INSTRUCTIONS TO FOLLOW - The answer must consist solely of the lines from the start of the records through the line containing "6.打开消防栓,获得【带条纹的钥匙】、【VIP卡】和【棉花2】", restated word for word, with no pictures.
■ ■ ■
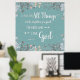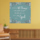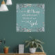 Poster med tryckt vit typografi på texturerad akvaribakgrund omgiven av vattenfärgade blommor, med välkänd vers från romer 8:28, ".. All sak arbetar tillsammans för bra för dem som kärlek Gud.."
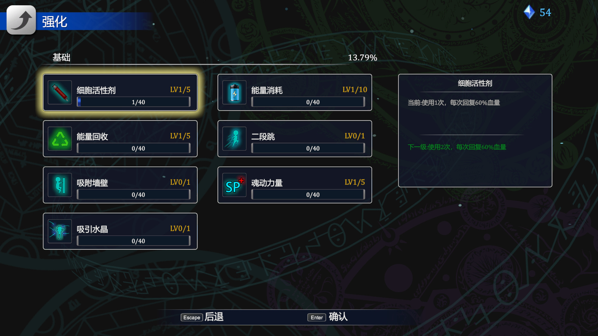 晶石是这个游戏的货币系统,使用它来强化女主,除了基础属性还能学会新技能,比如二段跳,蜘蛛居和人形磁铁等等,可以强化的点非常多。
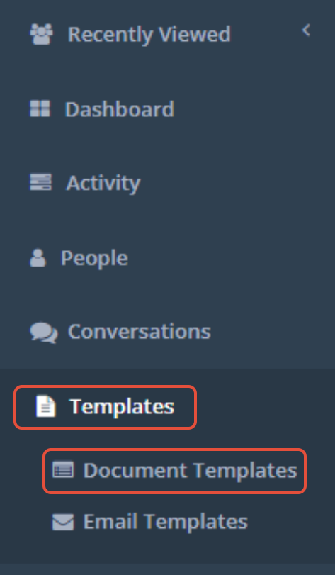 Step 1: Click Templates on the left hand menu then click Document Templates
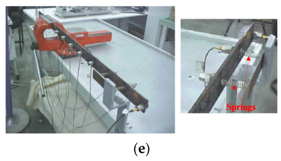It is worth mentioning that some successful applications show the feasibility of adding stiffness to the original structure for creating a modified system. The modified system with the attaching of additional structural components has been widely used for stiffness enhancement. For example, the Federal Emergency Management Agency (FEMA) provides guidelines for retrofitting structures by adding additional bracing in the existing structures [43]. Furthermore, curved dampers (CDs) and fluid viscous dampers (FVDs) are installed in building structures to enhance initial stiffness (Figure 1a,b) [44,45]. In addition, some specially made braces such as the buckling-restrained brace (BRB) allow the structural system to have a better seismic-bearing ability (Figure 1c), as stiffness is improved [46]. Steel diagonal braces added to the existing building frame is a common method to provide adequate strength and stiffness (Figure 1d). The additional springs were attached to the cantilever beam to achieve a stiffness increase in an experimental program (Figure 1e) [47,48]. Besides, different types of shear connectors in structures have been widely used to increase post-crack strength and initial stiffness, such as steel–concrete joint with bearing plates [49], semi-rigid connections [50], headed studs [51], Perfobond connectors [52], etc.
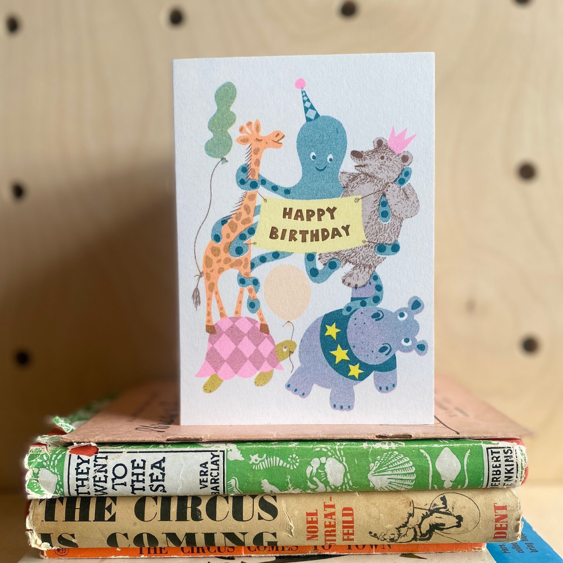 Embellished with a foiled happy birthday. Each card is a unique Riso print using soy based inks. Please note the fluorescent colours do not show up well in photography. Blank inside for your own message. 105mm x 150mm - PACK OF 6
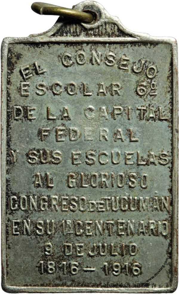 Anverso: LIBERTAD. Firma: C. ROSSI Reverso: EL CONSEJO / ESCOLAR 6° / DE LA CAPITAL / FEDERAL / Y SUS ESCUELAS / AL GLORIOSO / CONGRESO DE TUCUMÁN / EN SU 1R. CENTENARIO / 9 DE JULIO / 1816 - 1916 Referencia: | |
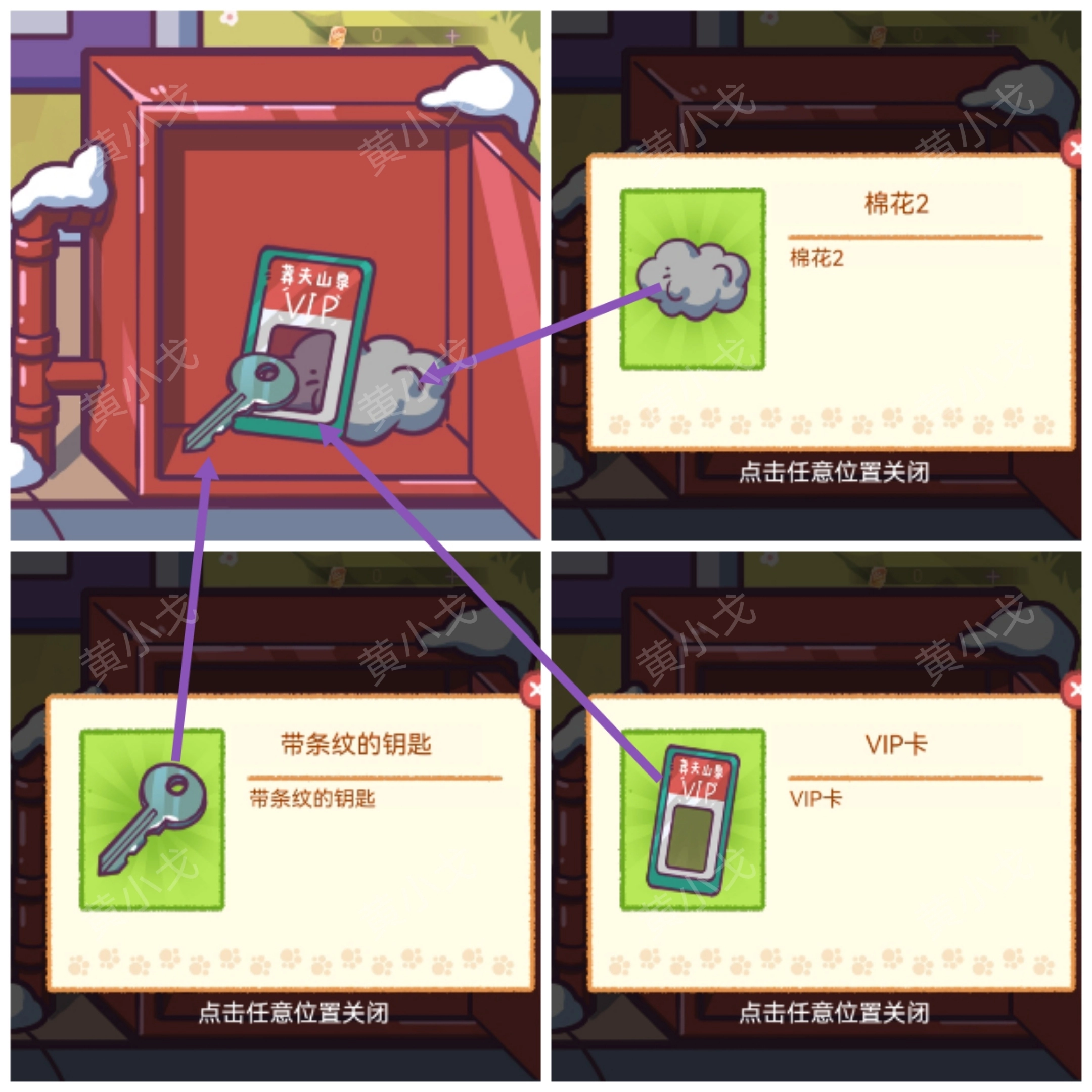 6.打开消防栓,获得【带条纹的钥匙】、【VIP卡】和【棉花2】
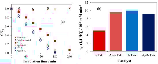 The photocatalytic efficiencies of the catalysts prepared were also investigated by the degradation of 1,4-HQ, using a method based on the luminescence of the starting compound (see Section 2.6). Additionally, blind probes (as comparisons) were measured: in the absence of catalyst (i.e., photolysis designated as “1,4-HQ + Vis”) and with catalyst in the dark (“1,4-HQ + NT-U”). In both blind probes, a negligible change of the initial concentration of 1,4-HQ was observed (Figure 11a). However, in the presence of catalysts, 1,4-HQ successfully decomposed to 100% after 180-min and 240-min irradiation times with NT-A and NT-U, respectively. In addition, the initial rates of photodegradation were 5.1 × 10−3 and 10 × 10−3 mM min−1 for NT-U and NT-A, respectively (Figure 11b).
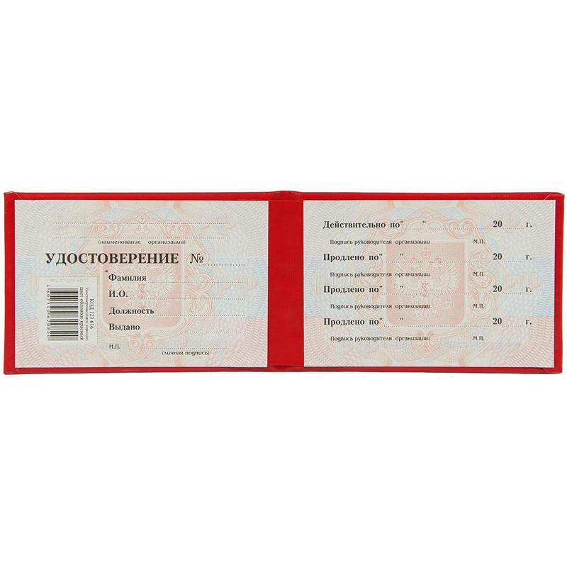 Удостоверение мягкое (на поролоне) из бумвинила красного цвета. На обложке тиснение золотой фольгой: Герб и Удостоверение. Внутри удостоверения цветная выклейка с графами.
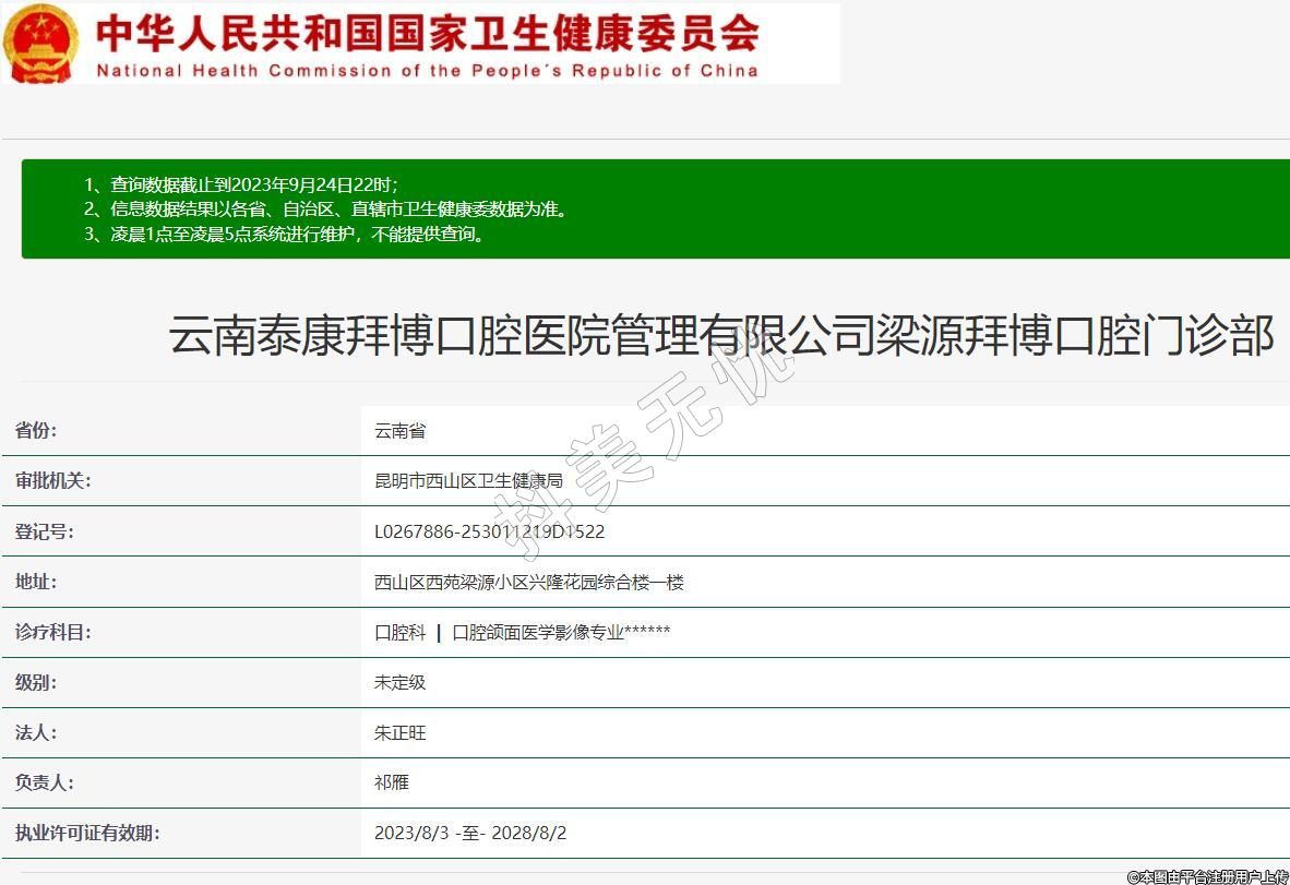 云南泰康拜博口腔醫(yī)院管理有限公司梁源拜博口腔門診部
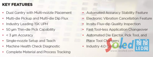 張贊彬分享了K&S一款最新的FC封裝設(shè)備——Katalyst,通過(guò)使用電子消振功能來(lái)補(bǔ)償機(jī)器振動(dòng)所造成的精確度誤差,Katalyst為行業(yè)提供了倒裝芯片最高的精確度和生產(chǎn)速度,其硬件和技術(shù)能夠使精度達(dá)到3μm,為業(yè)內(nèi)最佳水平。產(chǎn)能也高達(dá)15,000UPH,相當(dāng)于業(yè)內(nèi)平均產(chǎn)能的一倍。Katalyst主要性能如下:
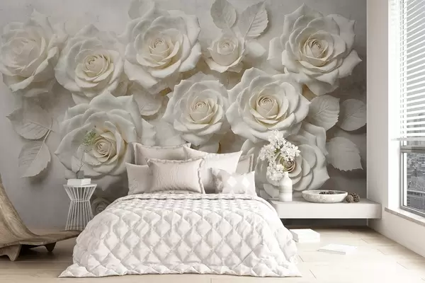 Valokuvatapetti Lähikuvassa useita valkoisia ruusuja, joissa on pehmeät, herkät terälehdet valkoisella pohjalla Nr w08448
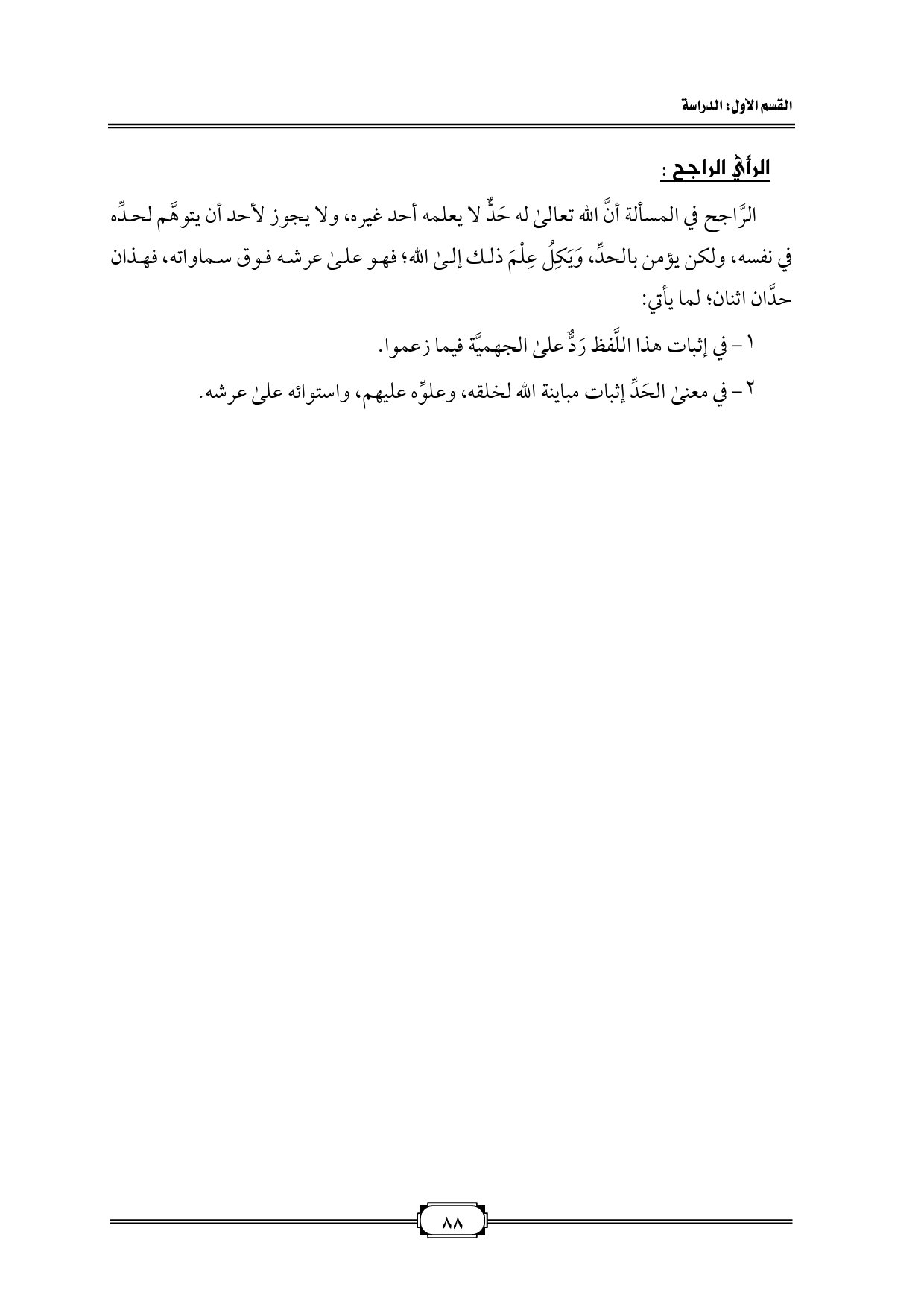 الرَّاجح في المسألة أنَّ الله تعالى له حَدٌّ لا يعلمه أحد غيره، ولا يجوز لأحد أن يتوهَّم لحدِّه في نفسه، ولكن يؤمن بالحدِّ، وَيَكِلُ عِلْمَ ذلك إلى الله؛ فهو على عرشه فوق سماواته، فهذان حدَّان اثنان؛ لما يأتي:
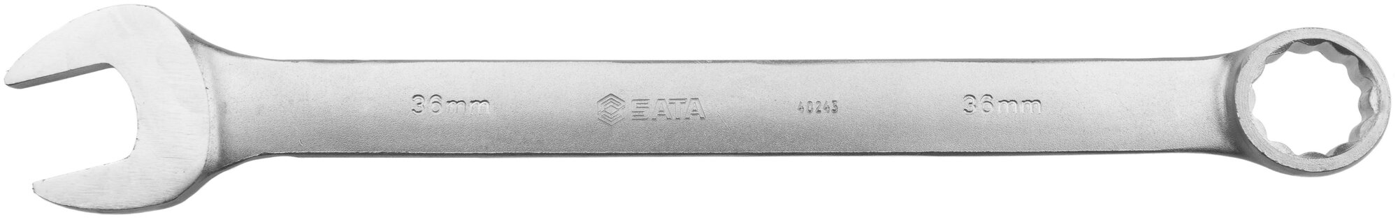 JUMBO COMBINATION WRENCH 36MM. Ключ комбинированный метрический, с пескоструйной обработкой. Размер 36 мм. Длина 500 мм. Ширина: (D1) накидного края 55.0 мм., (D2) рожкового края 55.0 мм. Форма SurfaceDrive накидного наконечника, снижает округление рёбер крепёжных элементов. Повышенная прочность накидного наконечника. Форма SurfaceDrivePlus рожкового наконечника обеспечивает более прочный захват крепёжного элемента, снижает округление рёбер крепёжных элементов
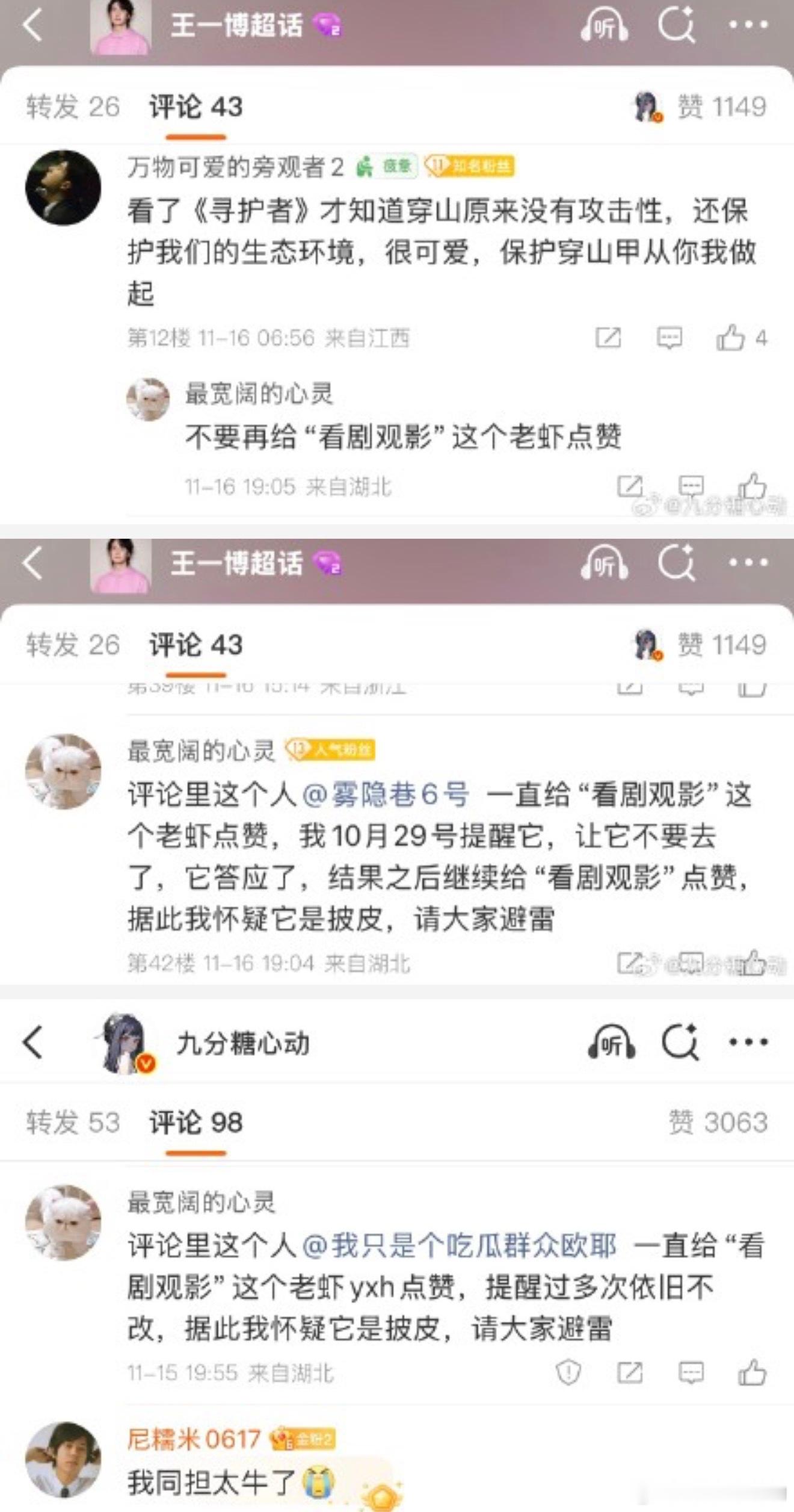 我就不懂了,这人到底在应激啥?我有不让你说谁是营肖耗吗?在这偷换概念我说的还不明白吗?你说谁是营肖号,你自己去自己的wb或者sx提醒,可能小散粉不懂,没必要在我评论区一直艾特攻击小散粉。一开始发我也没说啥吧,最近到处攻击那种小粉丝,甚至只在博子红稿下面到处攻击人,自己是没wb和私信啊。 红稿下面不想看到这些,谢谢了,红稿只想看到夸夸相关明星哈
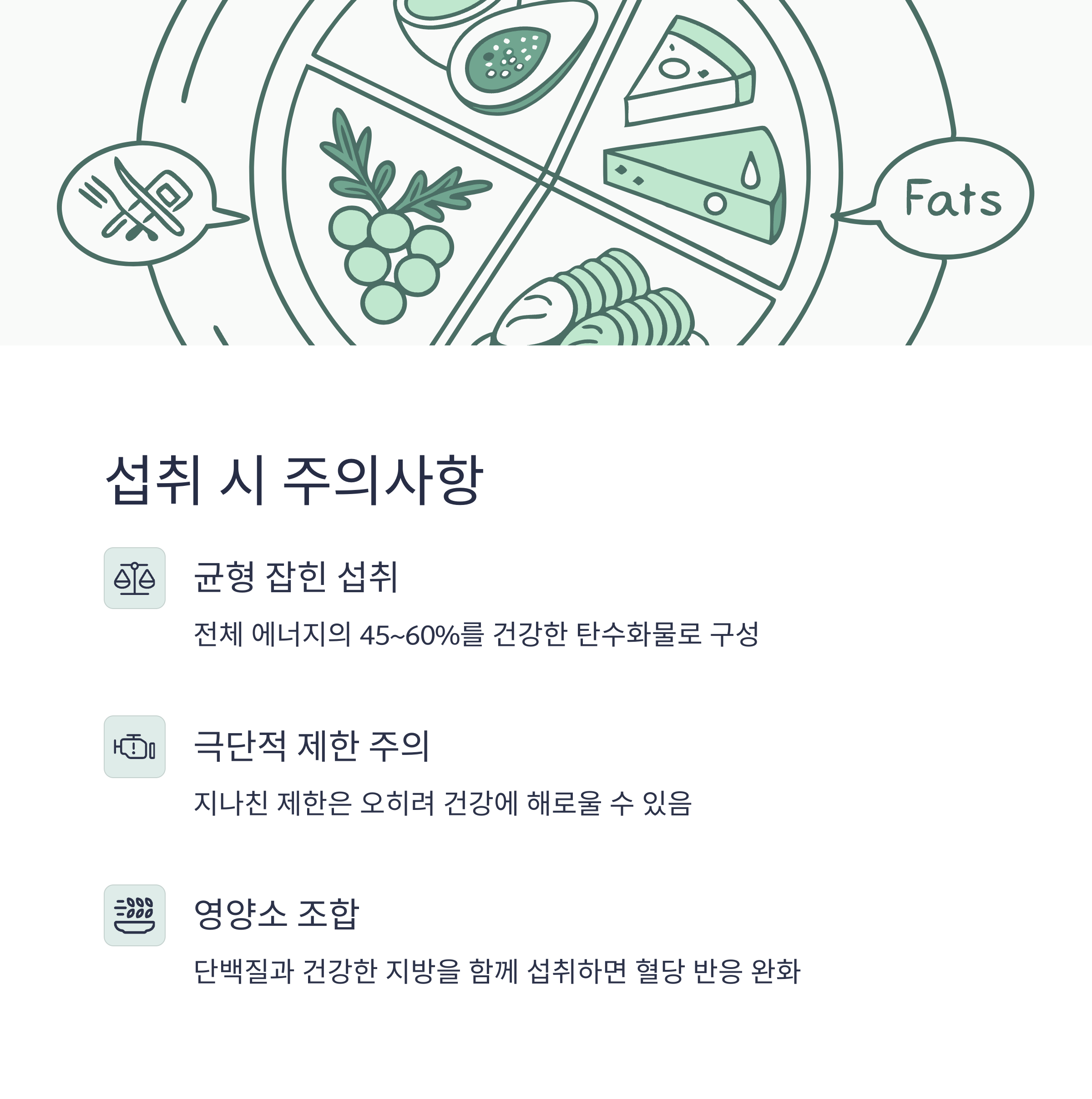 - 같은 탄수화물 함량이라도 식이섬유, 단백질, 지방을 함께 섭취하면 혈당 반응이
■ ■ ■
ANSWER SPACE -
 Poster med tryckt vit typografi på texturerad akvaribakgrund omgiven av vattenfärgade blommor, med välkänd vers från romer 8:28, ".. All sak arbetar tillsammans för bra för dem som kärlek Gud.."
 晶石是这个游戏的货币系统,使用它来强化女主,除了基础属性还能学会新技能,比如二段跳,蜘蛛居和人形磁铁等等,可以强化的点非常多。
 Step 1: Click Templates on the left hand menu then click Document Templates
It is worth mentioning that some successful applications show the feasibility of adding stiffness to the original structure for creating a modified system. The modified system with the attaching of additional structural components has been widely used for stiffness enhancement. For example, the Federal Emergency Management Agency (FEMA) provides guidelines for retrofitting structures by adding additional bracing in the existing structures [43]. Furthermore, curved dampers (CDs) and fluid viscous dampers (FVDs) are installed in building structures to enhance initial stiffness (Figure 1a,b) [44,45]. In addition, some specially made braces such as the buckling-restrained brace (BRB) allow the structural system to have a better seismic-bearing ability (Figure 1c), as stiffness is improved [46]. Steel diagonal braces added to the existing building frame is a common method to provide adequate strength and stiffness (Figure 1d). The additional springs were attached to the cantilever beam to achieve a stiffness increase in an experimental program (Figure 1e) [47,48]. Besides, different types of shear connectors in structures have been widely used to increase post-crack strength and initial stiffness, such as steel–concrete joint with bearing plates [49], semi-rigid connections [50], headed studs [51], Perfobond connectors [52], etc.
 Embellished with a foiled happy birthday. Each card is a unique Riso print using soy based inks. Please note the fluorescent colours do not show up well in photography. Blank inside for your own message. 105mm x 150mm - PACK OF 6
 Anverso: LIBERTAD. Firma: C. ROSSI Reverso: EL CONSEJO / ESCOLAR 6° / DE LA CAPITAL / FEDERAL / Y SUS ESCUELAS / AL GLORIOSO / CONGRESO DE TUCUMÁN / EN SU 1R. CENTENARIO / 9 DE JULIO / 1816 - 1916 Referencia: | |
 6.打开消防栓,获得【带条纹的钥匙】、【VIP卡】和【棉花2】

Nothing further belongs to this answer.